国連の食料支援機関である世界食糧計画(WFP)は9日、 米国から「14カ国に対する支援を打ち切る」との通知を受けたと発表した。日本のテレビニュース等では大きく報道されていないが、これはビッグニュースと言って差し支えない。トランプ政権になって、 米国がこれまで貧国を中心に差し伸べてきた経済的支援を中止するというのは、受け手側にとっては大打撃である。
アフガニスタンやイエメン、ハイチ、パプアニューギニアといった国々に、米国はこれまで食料や水、医薬品を提供してきたが、契約の打ち切りは、「数百万人に死刑宣告をだすようなもの(WFP)」と捉えられている。米国が拠出してきたWFPへの寄付額は約45億ドル(約6570億円)で、この額は寄付総額(約98億ドル)のほぼ半分にあたる。
なぜこのような暴挙と呼べるようなことをするのか。少し探ると、トランプ大統領は米国際開発庁(USAID)をなくそうとの考えを持っており、その一環として世界的に重要な責務をになっているWFPを打ち切る決断をしたようだ。もちろん「先立つものはカネ」であり、米国家予算を少しでも浮かせるという意味合いが強い。
ただ内外からの批判を受けて、支援打ち切り発表のあと、資金援助が再開された国(エクアドル、イラク、レバノン、ソマリア、シリア)もあるが、すべての国でない。

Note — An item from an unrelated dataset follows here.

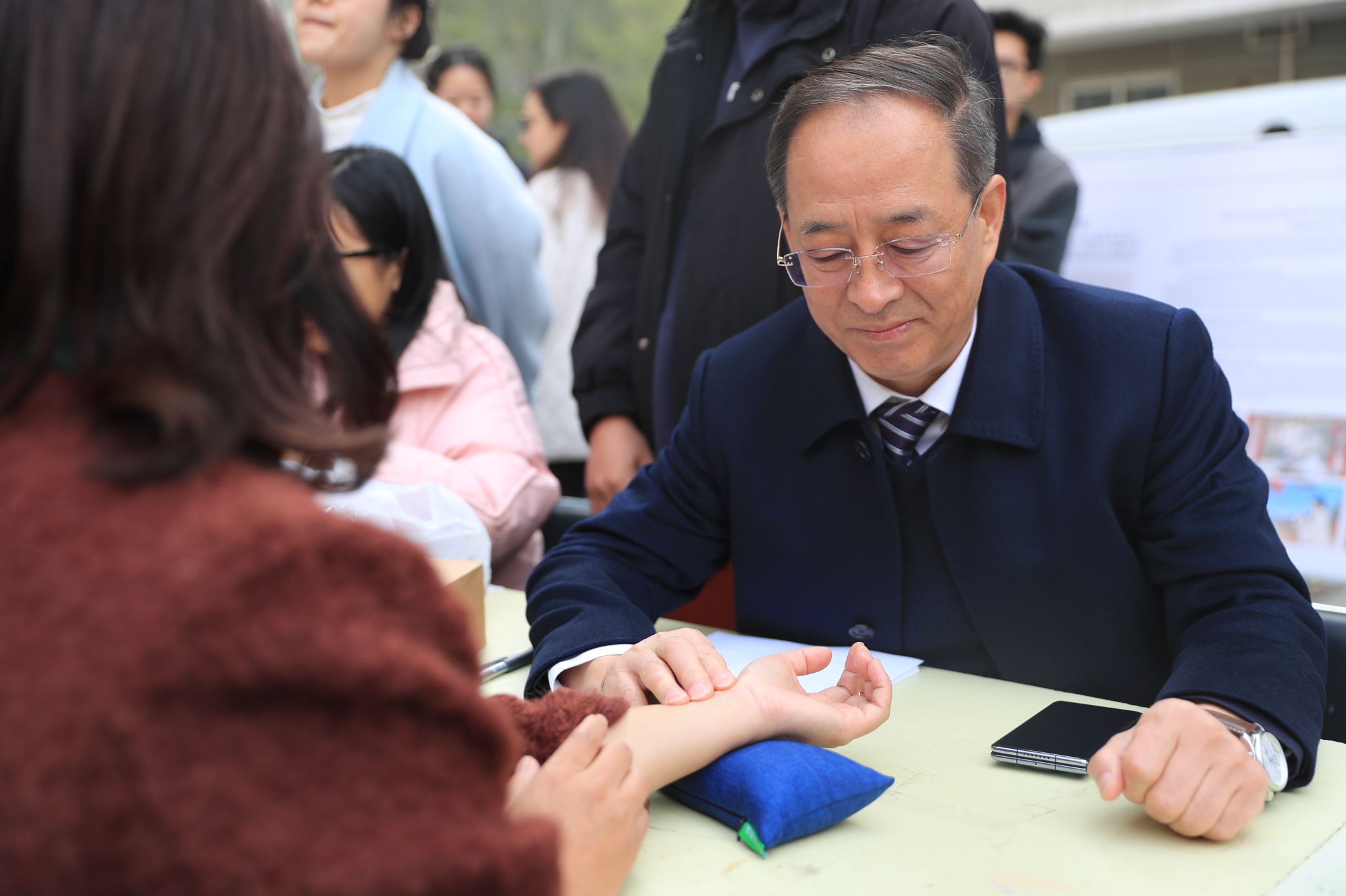 “名醫(yī)義診區(qū)”內(nèi),藥學(xué)院院長(zhǎng)龐宗然為師生診脈。

たとえばアフガニスタンは米国の支援がなくなることで、40万の栄養失調の子どもたちを含む計200万人が食糧危機に見舞われるといわれている。
今年1月、トランプ氏は「 米国はもはや米国民に見返りのないお金をやみくもにばらまくつもりはない 」と発言しており、自己中心的な考えをもった人物があと4年近くも政権の座につくことになるかと思うと空恐ろしくなる。